4.4 Principal component analysis (PCA)

Files for this tutorial (tutorial-4.4.tar.gz)

In this tutorial, we perform principal component analysis (PCA). PCA is useful to understand the dynamical behaviour of biomolecules by projecting the trajectory on small dimensions in terms of principal components (PCs). To perform PCA, we first use the eigmat_analysis tool, followed by the prjcrd_analysis tool, both of which are available in the GENESIS analysis tool sets. The former computes the eigenvalue and eigenvectors of the variance-covarience matrix, and the latter carries out a projection of the snapshot structures onto PC vectors.

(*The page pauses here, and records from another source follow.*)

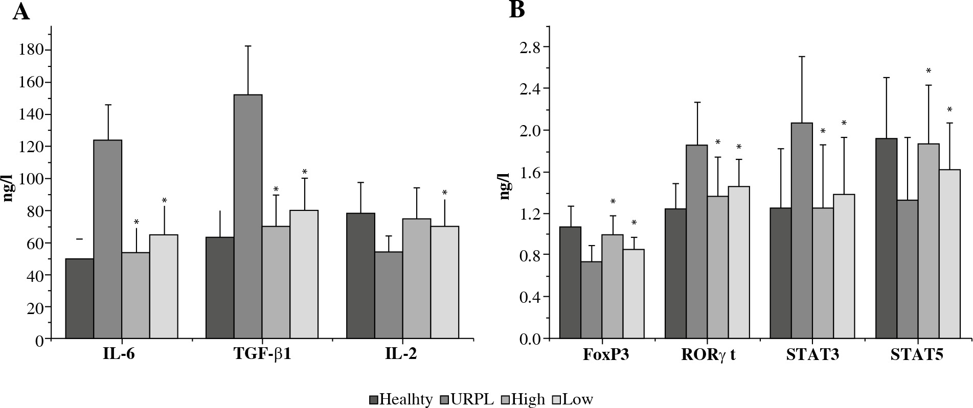 The levels of IL-6, IL-2, TGF-β1 and FoxP3, RORγt, STAT3, STAT5 in four groups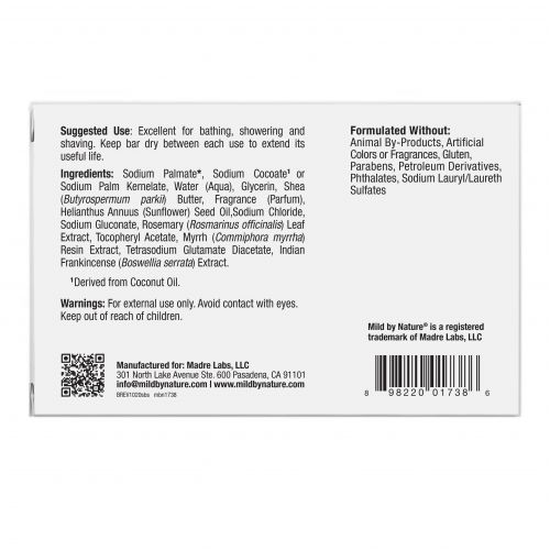 Описание товара Mild By Nature, кусковое мыло с сырым маслом ши, с витамином E, розмарином, миррой и ладаном, 141 г (5 унций)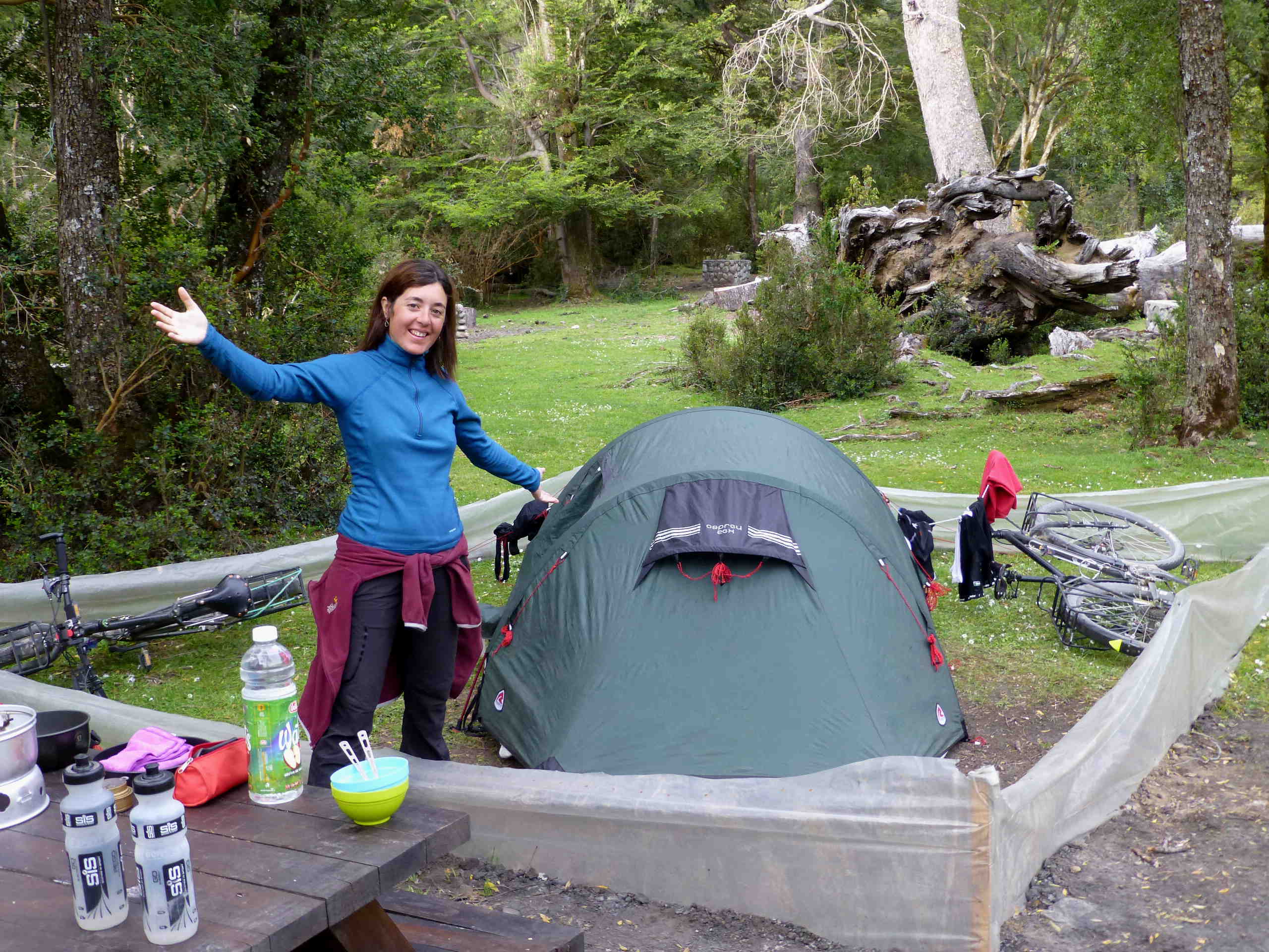 Si uno pudiera olvidarse de las ordas de turistas, las instalaciones mediocres y el coste…, Torres del Paine es un lugar fantástico. En gran contraposición a su parque homólogo argentino, aquí se paga (y mucho) por todo. El Chaltén nos pareció más auténtico, con campamentos básicos pero más que suficientes para descansar y afrontar los días siguientes de caminata. En Torres del Paine resultaba muy sorprendente encontrarse de pronto con un resort de lujo, con servicio de restaurante, hotel, guía, caballos, porteadores, e incluso reserva de lugar para plantar tu tienda (!!!) en medio del campo patagónico. Aún usando la opción más económica (cargar nuestra tienda y comida y acampar en los campamentos obligatorios “sin extras”), 5 días de excursión nos costó unos 400 $ en entradas y cuotas de todo tipo (versus 0 $ en Argentina!!). Resultaron 5 días de buenas excursiones con la mochila acuestas lo cual, para nuestras piernas ciclistas, no eran tan fácil! Menos mal que los días en El Chaltén nos sirvieron de entrenamiento para lo que se nos venía!

In this tutorial, we use the output files obtained in tutorial 1.1 and tutorial 4.3. (Please work on these tutorials first if you have not done it yet.) Untar tutorial-4.4.tar.gz in the same directory as tutorial-1.1 and tutorial-4.3:

$ ls 
tutorial-1.1  tutorial-4.3
$ tar -zxf tutorial-4.4.tar.gz
$ ls
tutorial-1.1  tutorial-4.3  tutorial-4.4
$ cd tutorial-4.4
$ ls
run.sh  run1.inp  run2.inp

In tutorial-1.1, we carried out an MD simulation of a small protein, BPTI, in solution. The MD simulation was performed for 500,000 steps with crdout_period = 500, resulting in a trajectory file containing 1,000 snapshots. In tutorial-4.3, we analyzed RMSF of all residues in BPTI. Here, we calculate the PCs of BPTI and project all snapshots of the trajectory on to a plane of two PCs.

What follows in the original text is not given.